I never thought I would go past 1 month, then 3 months. Now I'm at 8 months and have no desires to stop and I now have thoughts that encourage me to actually get GRS.
Smiling, Jessica
I always knew that if I jumped off the edge, I'd go all the way to the bottom. Waiting lists are like a drogue chute keeping me from breaking any bones along the way, but basically, I'm riding this tobogan as fast and as far as it will go!
Hi Christine, think I recognise you from the Angels?
Anyway... I don't think there is such a thing as the 'slippery slope'. I think it just takes time to learn to accept oneself and grow out of the internalised transphobia that girls our age tended to get lumped with. Once you work through all of that- which can be a lifetime's work in itself...
Ch-ch-ch-ch-changes!
;D
Well I had to go on HRT - there are some things that can't be imitated or learned like the voice (for a man).
Guess it just depends on how thorough a person feels they have to be. I didn't want to be stuck in a gender limbo, dealing with people confused by what they saw. That was going to continue to happen if I didn't take testosterone. Then I decided I wanted rid of the chest because it's bloody awful having to bind, and the thought of binding for life didn't appeal. Then all that was left was whether or not to go the whole hog. Being more than halfway through it makes sense to.
For me I knew that I loved the dream I had been living in my head for years of fully transitioning or just the different fantasies when things got difficult for me in my life I would just be able to live in my mind and do my daily routine by habit while actually playing out these female scenarios in my mind.
I decided hey I will just try out a really low dose of HRT. Once I was on the first dose I decided to double it, then decided to double it again
Then all of a sudden I bought all women clothes most of it is somewhat androgynous with a small hint of fem
Then I decided to go ahead with facial hair removal
Then I decided what the hell gathered all the male clothes up in hefty bags called the ARC and had them pick them all up for donation
Last week purchased my first bras because I noticed when I walked to fast my chest was not liking it all, it was a new experience, chest seems to be growing a bit faster now
Just purchased Womens eyeglasses when they get here out goes the male glasses
At that point I will not have any male articles of clothing left and I'm still not out full time yet
It seems to me that once you start, things just start to go into place a little at a time depending how comfortable you and are what goals are. For me I decided now,i just to go with the flow and how I feel not because someone else has done it faster or different what is right for them is not probably right me or you. When I started this
Take is slow and everything will happen when your ready
Oh my yes. At Christmas I poured my heart out in a letter to my wife. I explained me and my thoughts and at that time hair makeup and dresses where so far off I admitted I couldn't go there.

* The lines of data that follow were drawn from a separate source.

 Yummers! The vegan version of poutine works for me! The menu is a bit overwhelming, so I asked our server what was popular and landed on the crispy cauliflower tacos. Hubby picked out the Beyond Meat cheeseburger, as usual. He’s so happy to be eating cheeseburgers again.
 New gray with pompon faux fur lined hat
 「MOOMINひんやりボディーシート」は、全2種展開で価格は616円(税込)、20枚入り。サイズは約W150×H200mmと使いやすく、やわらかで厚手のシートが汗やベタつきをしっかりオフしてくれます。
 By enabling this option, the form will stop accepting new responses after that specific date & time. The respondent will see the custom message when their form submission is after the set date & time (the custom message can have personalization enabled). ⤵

Here we are three months later and I'm fully out and presenting as female even wearing a dress
( which I love). I felt on Monday I was good now. Tuesday I found out my approval for injections to nueter the testes came thru, now I need that too. Bugs me the doc is on holidays and I have to wait until the end of the month for it.

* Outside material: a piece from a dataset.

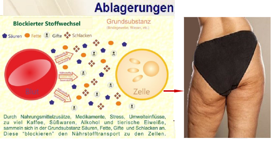 Diese Problemzonen sind nämlich im Prinzip nichts anderes als Gift- und Säure-Ansammlungen die über die Jahre hinweg angehäuft und abgekapselt und vom Körper - je nach Gentik unterschiedlich - in bestimmen Regionen deponiert wurden!

Maybe it will settle sometime. 😆
There was never any slope. It was jump from an airplane. :) I have known what I need to do for 30 years. I knew if I started there was no going back. I tried to wait in support of the family but I got to the point where living became almost intolerable so I had to start even though the timing wasn't exactly great.

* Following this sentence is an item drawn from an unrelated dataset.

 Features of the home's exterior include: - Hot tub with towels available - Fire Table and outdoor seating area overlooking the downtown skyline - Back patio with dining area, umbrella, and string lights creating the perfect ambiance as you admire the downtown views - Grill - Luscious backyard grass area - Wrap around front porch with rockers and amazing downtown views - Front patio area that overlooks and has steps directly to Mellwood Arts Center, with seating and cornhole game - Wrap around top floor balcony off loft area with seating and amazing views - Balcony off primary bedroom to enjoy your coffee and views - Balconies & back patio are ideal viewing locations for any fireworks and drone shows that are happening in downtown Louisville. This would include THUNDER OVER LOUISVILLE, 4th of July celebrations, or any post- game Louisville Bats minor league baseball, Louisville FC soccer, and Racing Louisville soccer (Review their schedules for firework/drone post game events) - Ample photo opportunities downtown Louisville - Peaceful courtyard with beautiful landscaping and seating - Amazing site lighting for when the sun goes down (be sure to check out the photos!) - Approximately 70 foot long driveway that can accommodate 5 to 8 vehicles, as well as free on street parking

Quote from: Christine_Hart on March 15, 2018, 10:49:20 AM
I'd read about the supposed slippery slope where, even when people thought they'd never go any further, they ended up heading all the way towards transition. Has anyone else found themselves in a similar situation? Not necessarily as far as transition, but certainly a lot further down the road than they thought they'd ever go. It doesn't seem that long ago that I never thought I'd consider HRT, then it moved onto well maybe, you can never rule anything out, and now it's like I'm really thinking seriously about it.
Christine
Slippery slope maybe. I think if it more like the Coyote running off a cliff. Hang there just long enough to hold to a sign that reads "help!"
That was October 2015. I'm probably getting SRS this fall. The one thing I can say is, I'm much happier.